9.Taxes and Withholding.  To the extent the Company or any Subsidiary is required to withhold any federal, state, local, foreign or other taxes in connection with the delivery of Shares or other amounts under this Agreement, then the Company or Subsidiary (as applicable) shall retain a number of Shares otherwise deliverable hereunder with a value equal to the applicable tax withholding (based on the Fair Market Value of the Shares on the date of delivery); provided that in no event shall the value of the Shares retained exceed the amount of taxes required to be withheld based on the maximum statutory tax rates in the Grantee’s applicable taxing jurisdictions.     

10.Adjustments.  The number and kind of Shares deliverable pursuant to this Award are subject to adjustment as provided in Section 18 of the Plan.  

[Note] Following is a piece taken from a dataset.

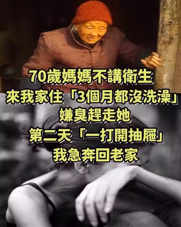 70歲媽媽不講衛生!來我家住「3個月都沒洗澡」嫌臭趕走她,第二天「一打開抽屜」我急奔回老家~

11.Section 409A.  The intent of the parties is that payments and benefits under this Agreement comply with Section 409A of the Code (“Section 409A”) or are exempt therefrom and, accordingly, to the maximum extent permitted, this Agreement shall be interpreted and administered so as to be in compliance therewith. In this regard, notwithstanding anything contained herein to the contrary:

(a)    For purposes of this Agreement, to the extent required to comply with Section 409A, references to a “termination,” “termination of employment” or like terms shall mean “separation from service” within the meaning of Section 409A.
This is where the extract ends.